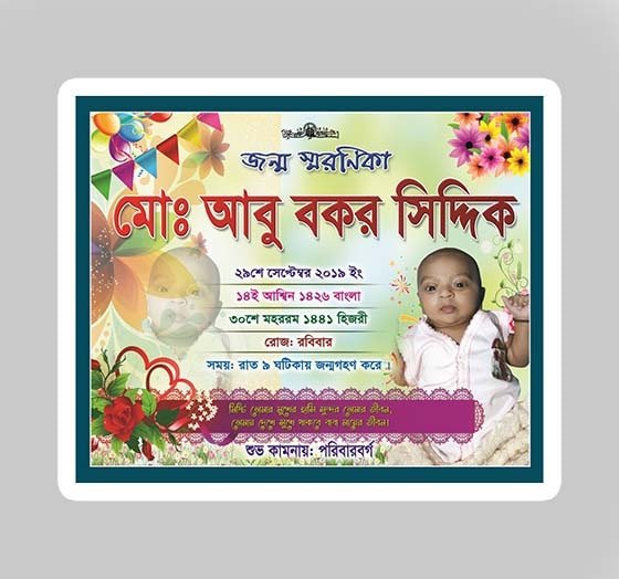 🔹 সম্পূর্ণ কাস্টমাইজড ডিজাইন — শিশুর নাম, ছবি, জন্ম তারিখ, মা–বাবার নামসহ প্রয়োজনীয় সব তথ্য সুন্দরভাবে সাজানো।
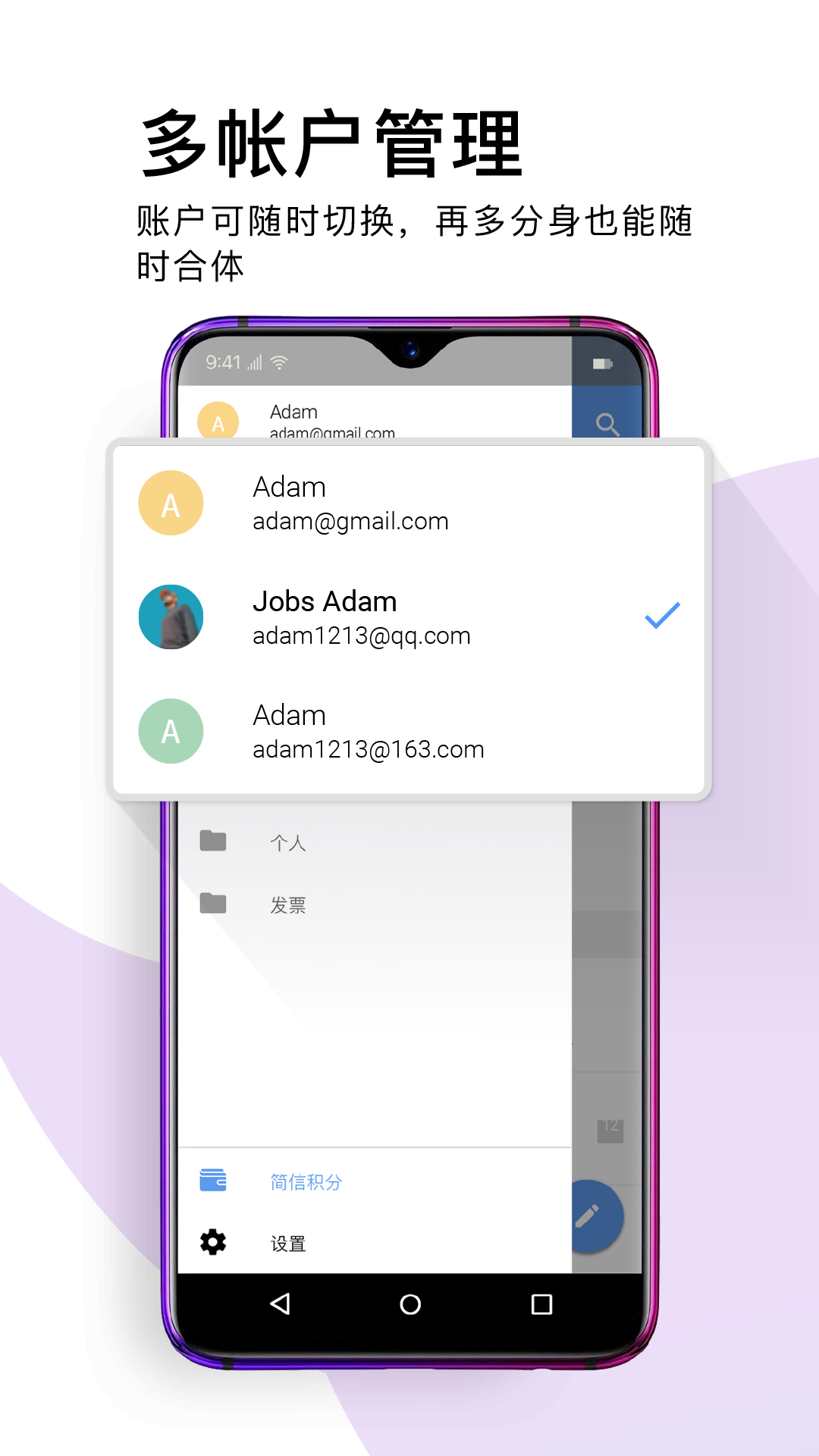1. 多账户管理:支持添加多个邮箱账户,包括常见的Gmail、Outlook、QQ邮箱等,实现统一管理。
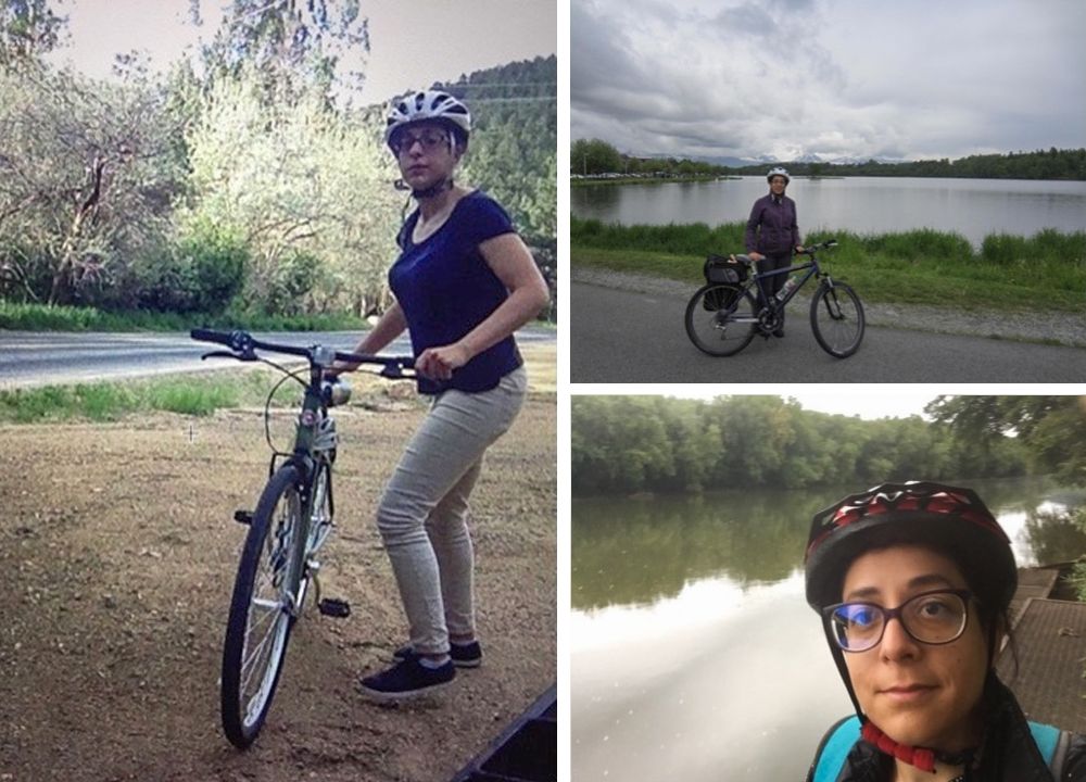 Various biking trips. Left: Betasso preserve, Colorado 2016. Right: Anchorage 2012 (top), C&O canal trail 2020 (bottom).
•••
■ About this task ■
Look for the line that contains "1. 多账户管理:支持添加多", then please copy it and the rest of the lines through the end of the data, pictures excluded.

■ Written solution ■
1. 多账户管理:支持添加多个邮箱账户,包括常见的Gmail、Outlook、QQ邮箱等,实现统一管理。
 Various biking trips. Left: Betasso preserve, Colorado 2016. Right: Anchorage 2012 (top), C&O canal trail 2020 (bottom).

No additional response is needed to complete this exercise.